In order to ensure the safety of the foundation pit, a guard pile and an inner supporting structure are generally adopted in the foundation pit engineering, waterproof measures such as precipitation outside the pit, underground continuous walls and the like are generally adopted in the foundation pit, but when the stratum is in close proximity to a river and is a high-permeability stratum such as sandy pebble, the underground water osmotic pressure is larger, the permeability is strong, and the general waterproof measures can reduce the waterproof effect even lose efficacy under the larger osmotic pressure. The underground diaphragm wall measures need grooving construction, the mud retaining wall is needed to be carried out in the area close to the river, but in the areas with abundant groundwater and pebble soil in the stratum, the problems of difficult grooving, slurry leakage of the mud retaining wall and the like exist, the stable groove wall of the underground diaphragm wall is not facilitated, the construction difficulty is high, the construction quality cannot be guaranteed, and the water stopping effect is affected.
Disclosure of Invention
The invention aims to provide a foundation pit water stop system suitable for a stratum with high water permeability close to a river, so that construction quality is ensured, and meanwhile, construction difficulty is reduced.

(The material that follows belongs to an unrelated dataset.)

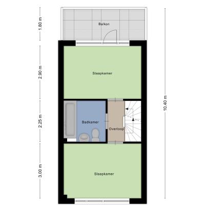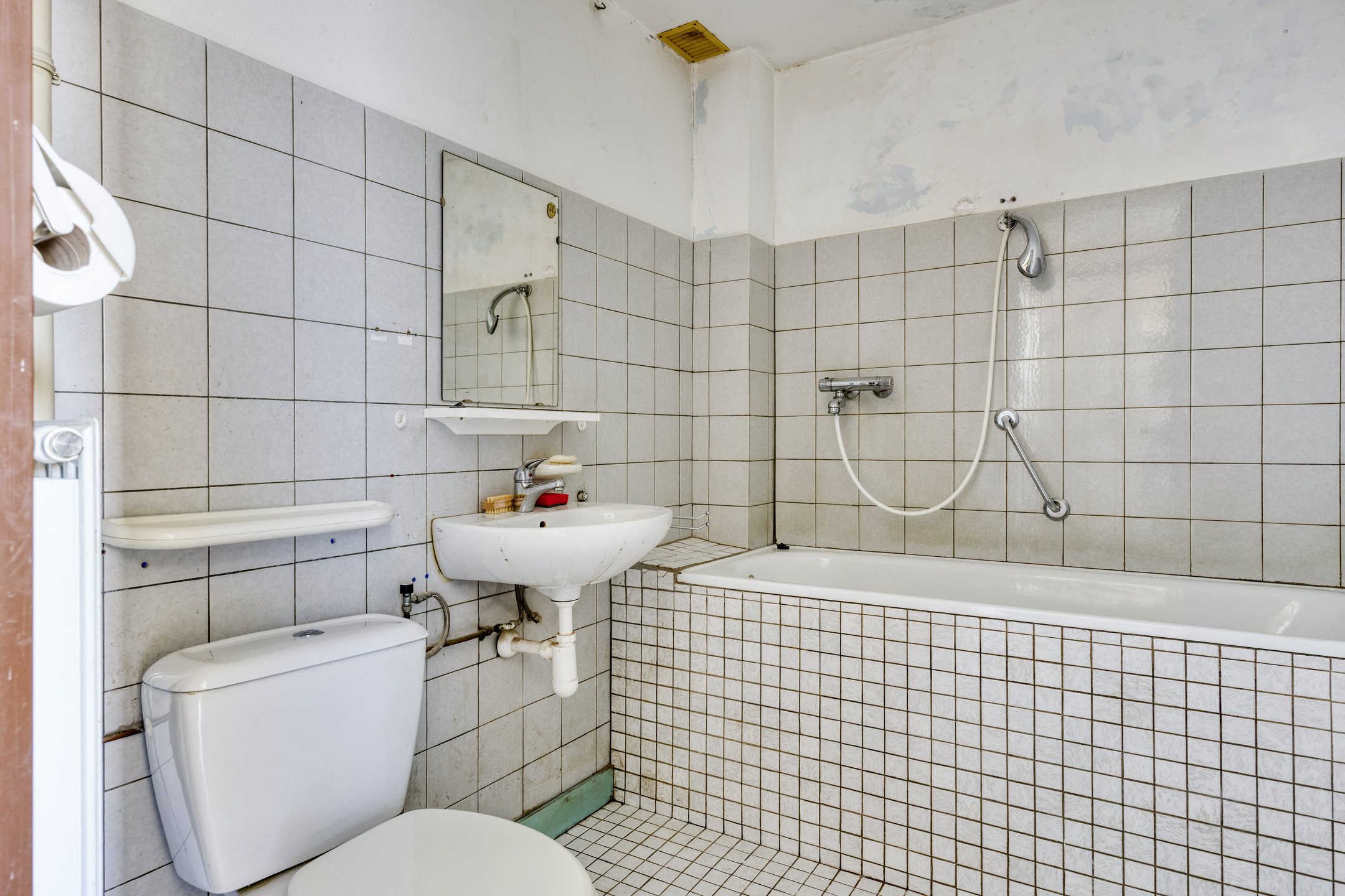 Eerste verdieping Op de eerste verdieping bevinden zich twee slaapkamers, de badkamer en het balkon. Eén kamer ligt aan de achterzijde en biedt directe toegang tot het balkon. De tweede slaapkamer is gelegen aan de voorzijde en is even ruim. De badkamer is functioneel maar sterk gedateerd, met een bad-/douchecombinatie, toilet en wastafel. Deze verdieping biedt volop mogelijkheden voor renovatie, herindeling of uitbreiding van het sanitair.
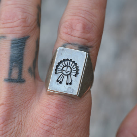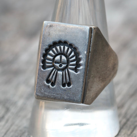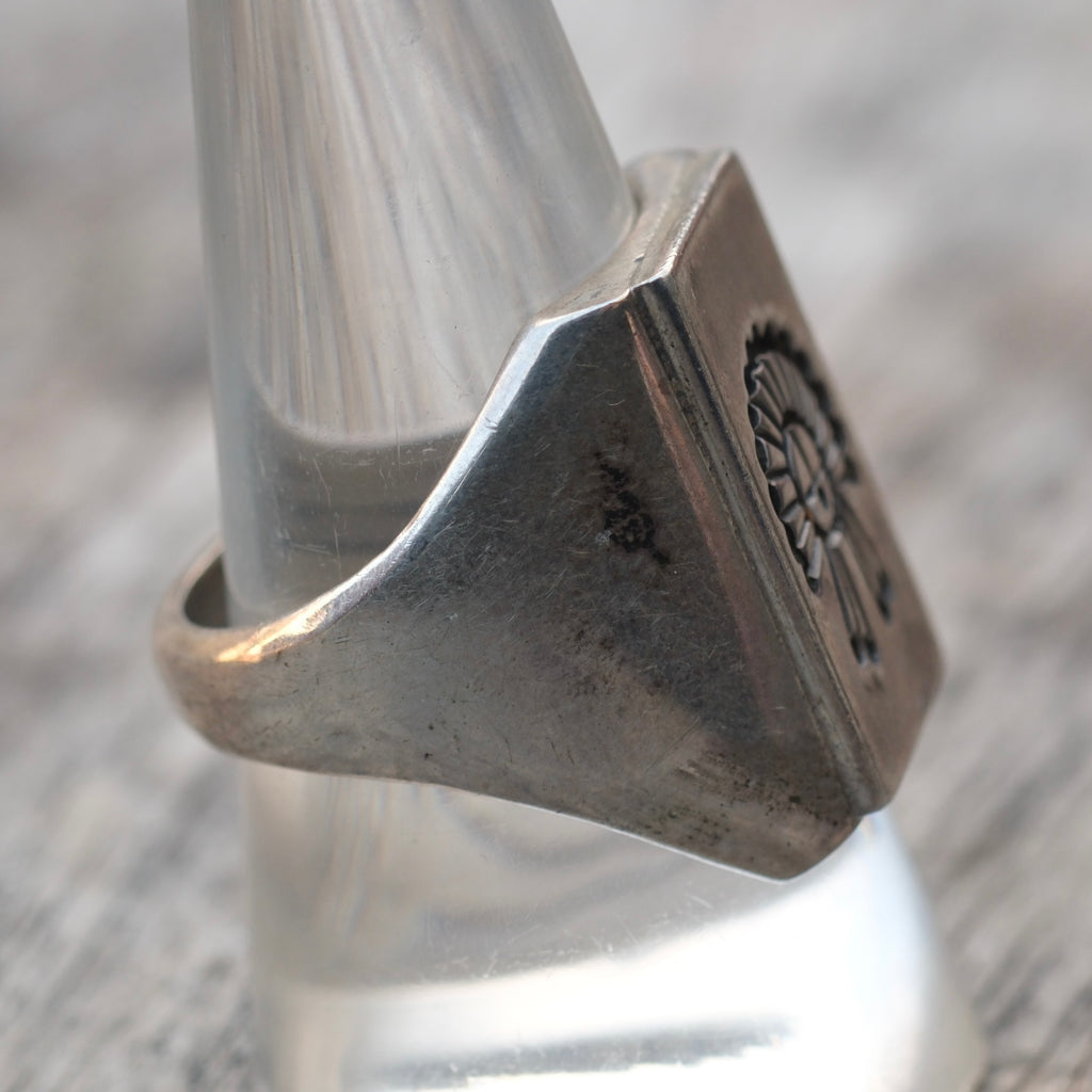 Vintage Sterling Zuni Head Dress Signet Ring 10

The invention further aims to provide a construction process of the foundation pit water stop system.
In order to achieve the above purpose, the technical scheme adopted by the invention is as follows: a foundation pit water stopping system adjacent to a river permeable stratum comprises a cofferdam, a protective wall, a waterproof wall, a second water collecting facility, a second occluding pile group, a first occluding pile group) and a first water collecting facility which are sequentially arranged;
the cofferdam is formed by piling reinforced gabions, and the lower part of the cofferdam is positioned below the water surface of the river; the protective wall is built by stacking clay bags; the waterproof layer is paved by waterproof geotextile and is positioned between the protective wall and the river levee; the second water collecting facility is composed of at least one second dewatering well arranged side by side; the second engagement pile group consists of a plurality of clay engagement piles; the first occlusion pile group consists of a plurality of plain concrete piles and a plurality of reinforced concrete piles, the plain concrete piles and the reinforced concrete piles are arranged at intervals, and the adjacent plain concrete piles and the adjacent reinforced concrete piles are occluded with each other; the bottoms of the second dewatering well, the clay occluding pile, the plain concrete pile and the reinforced concrete pile all extend below the bottom surface of the foundation pit and enter the impermeable layer.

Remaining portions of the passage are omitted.